Nach wochenlangem Lockdown, bei dem wohl so einigen die Decke auf dem Kopf fiel, traten deutliche Lockerungen ein. Ganz freiwillig wurden diese wohl nicht beschlossen, aber die Menschen wurden unruhig, begannen zu murren. Erst leise nur, aber dann hörbarer und einige erschreckend laut.
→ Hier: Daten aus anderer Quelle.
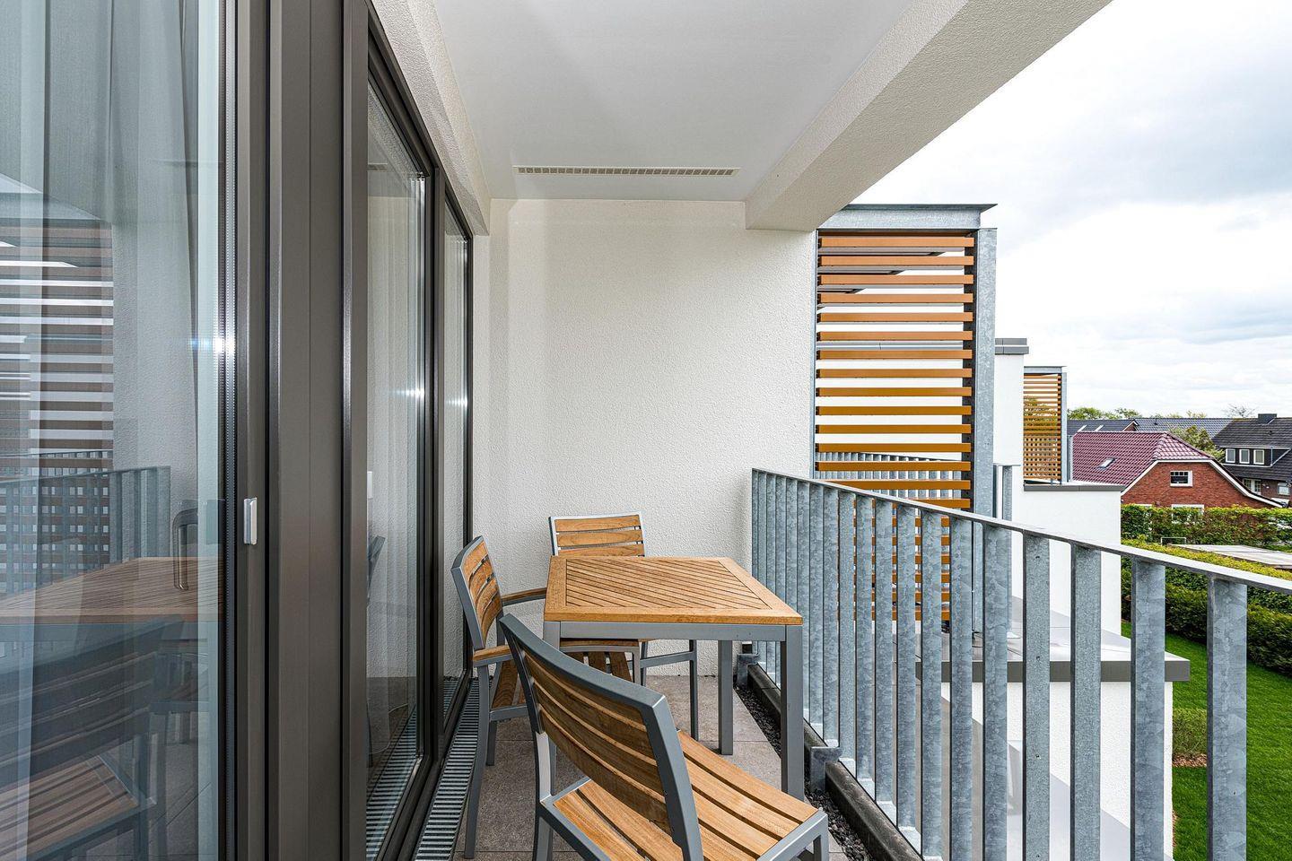 Modernes Ferienapartment mit Balkon nahe Nordsee, Schwimmbad- und Saunanutzung inklusive.
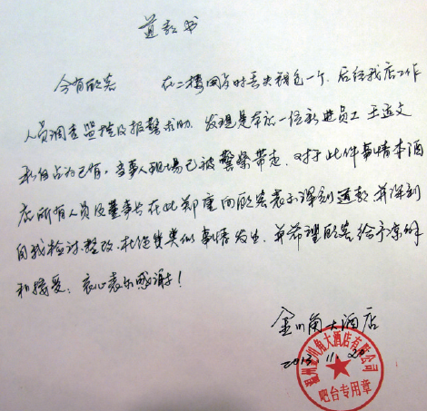 酒店方出具书面致歉信
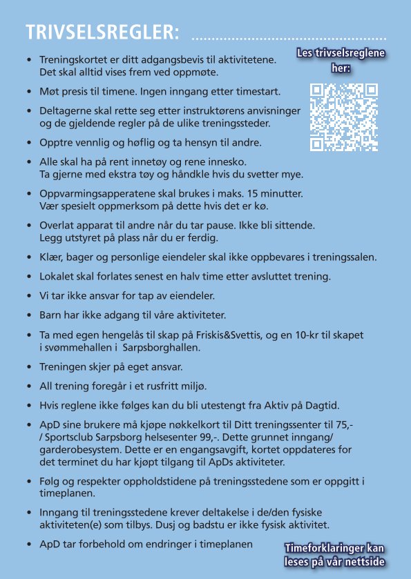 Hvis reglene ikke følges kan du bli utestengt fra Aktiv på Dagtid.
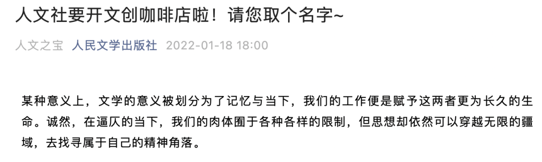 今年1月,人民文学出版社在其官微透露,将在北京带来首家咖啡店(并征集店名),以此为读者提供一处别样的精神角落。
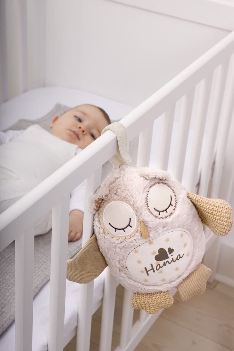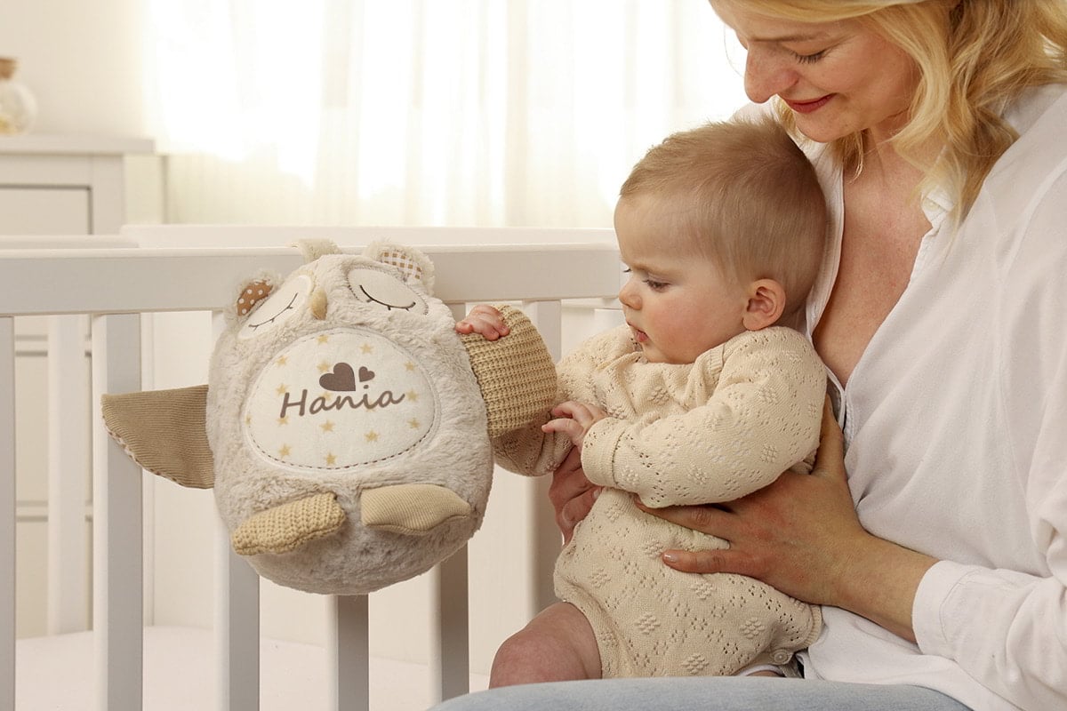 Stellen Sie sich folgende Szene vor: Es ist mitten in der Nacht, Ihr Baby fängt an zu weinen. Noch bevor Sie die Augen öffnen können, hat der intelligente Sensor der Eule das Geräusch bereits erkannt und spielt automatisch die Melodie ab, die Ihrem Kleinen schon einmal beim Einschlafen geholfen hat. Auf dem Bauch der Eule sehen Sie im sanften Licht des Nachtlichts den Namen Ihres Kindes und eine liebevolle Widmung von Oma, Opa oder den Paten. Beim Anblick seines persönlichen Freundes fühlt sich das Kind geborgen und beruhigt sich schnell. Nach einer Weile hören Sie nur noch den ruhigen Atem Ihres schlafenden Babys. Und Sie? Sie können weiterschlafen; Vielleicht haben Sie gar keine Zeit, richtig wach zu werden! Lieferung innerhalb von 24 Stunden – bei Bestellungen bis 13:30 Uhr!
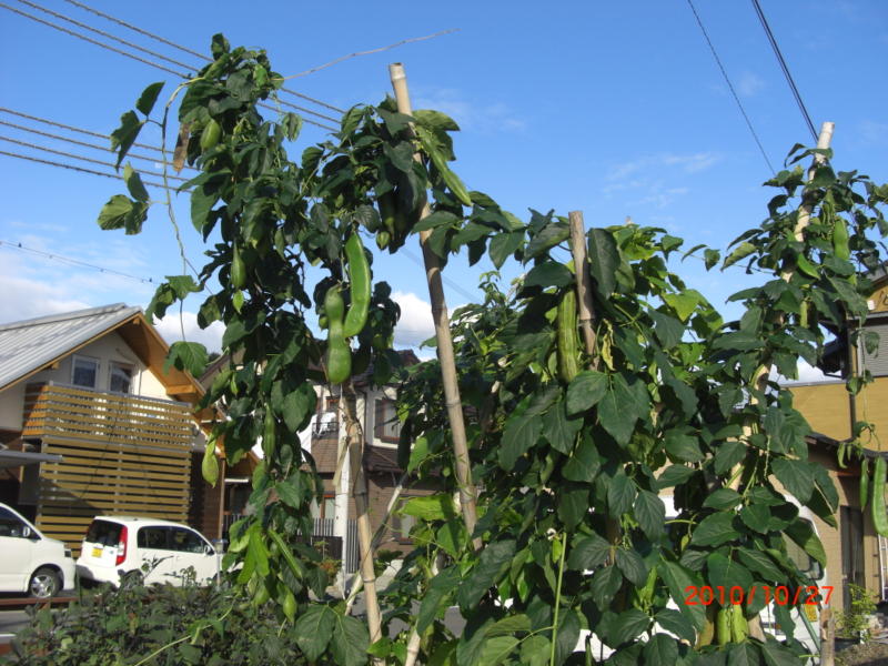 3年前に、元区長の田中さんから、苗をいただき、その後、種を保存し、毎年収穫しています。漢方薬として重宝されていますが、わが家では、さやがまだ柔らかいうちに、ゆでて食しています。味にくせがなくマヨネーズ等をつけると、とてもおいしいです。今年は、刻んでフライパンで炒めてみました。これもいけます。まだまだ料理法の可能性を秘めています。
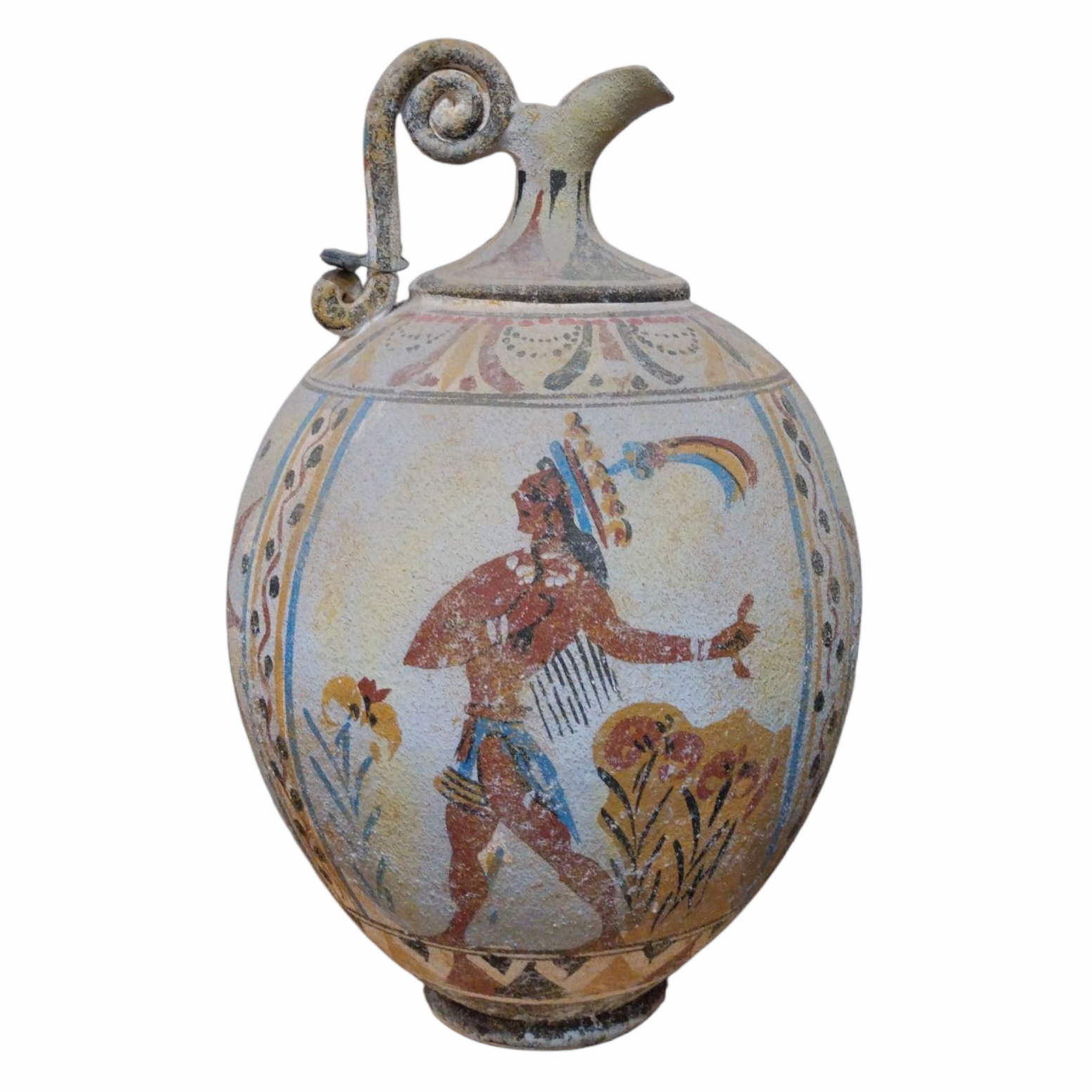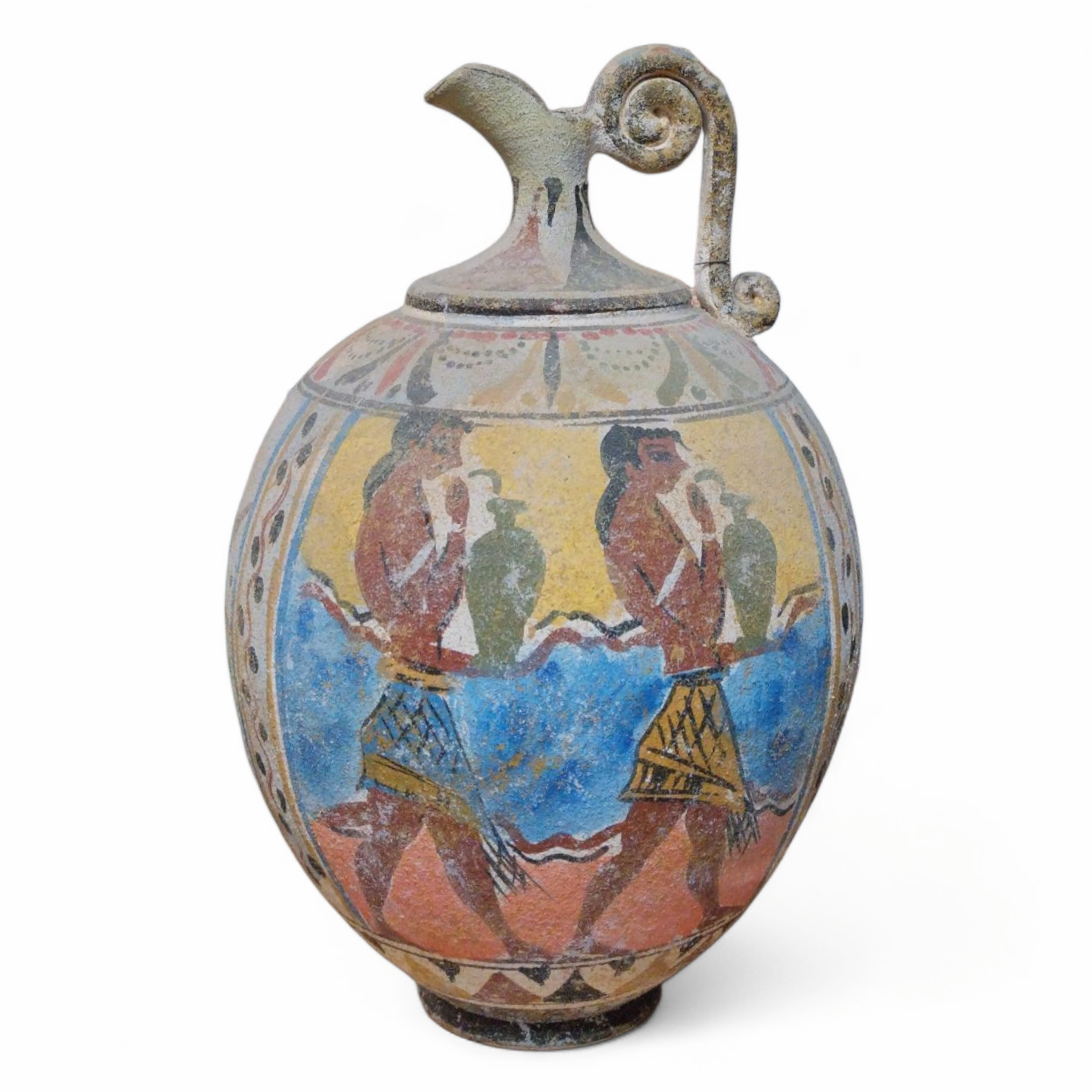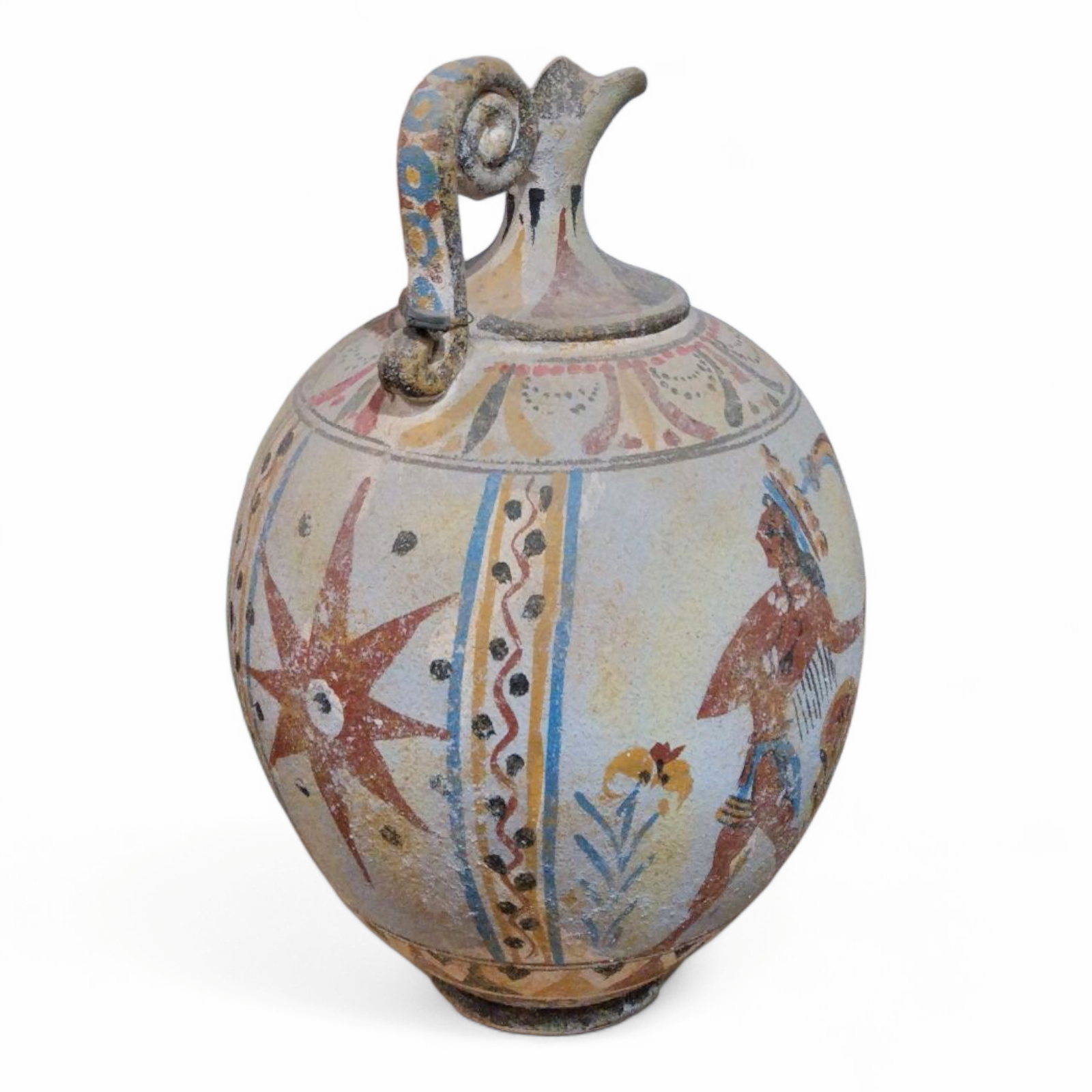 Minoan-Style Hand-painted Ceramic Vase with Warrior and Procession Motifs

Überall im Land wurden kleinere und größere Demonstrationen organisiert von denen, die sich in ihrer, vom Grundgesetz garantierten, persönlichen Freiheit beschnitten sahen. Etwas, was man irgendwo noch verstehen und nachvollziehen kann. Auch wenn ich mich frage, was gibt denen, die auf engem Raum mit anderen zusammenstehen und für die Freiheit demonstrieren, dass Recht die Gesundheit und damit auch die Freiheit anderer zu bedrohen? Trotzdem kann ich die Demonstranten ein wenig verstehen, denn durch die Pandemie wurden einige irrsinnige Gesetze verabschiedet, die zum Teil weder nachvollziehbar und logisch waren und oft an dem zweifeln lässt, was man allgemein hin als Verstand bezeichnet. Einige dieser Gesetze mussten wieder zurückgezogen werden, nicht zuletzt weil sie bar jeder Vernunft waren. So durfte man zum Beispiel auf einer Parkbank sitzen, jedoch nicht dabei lesen. Picknick im öffentlichem Raum war verboten, es sei denn, man hatte die Dinge für den Verzehr direkt vor Ort irgendwo gekauft und nicht von zu Hause mitgebracht. Eis in einer Eisdiele durfte gekauft werden. Der Verzehr musste aber in einem Abstand von mindestens 50 Metern zum Kaufort stattfinden. Ausgenommen war "Das erste Anlecken", dieses durfte noch in der Eisdiele selbst stattfinden. Nur ein paar Beispiele für den Irrsinn, zu dem Menschen fähig sind. Überhaupt gab es von Bundesland zu Bundesland andere Regeln, Ge - und Verbote und wollte man, sofern man überhaupt durfte, die Grenze eines anderen Bundeslandes übertreten, tat man gut daran, sich zuvor zu erkundigen, welche Gesetzte gerade dort herrschten und ob diese überhaupt noch in Kraft waren oder sogar in der Zwischenzeit verschärft wurden.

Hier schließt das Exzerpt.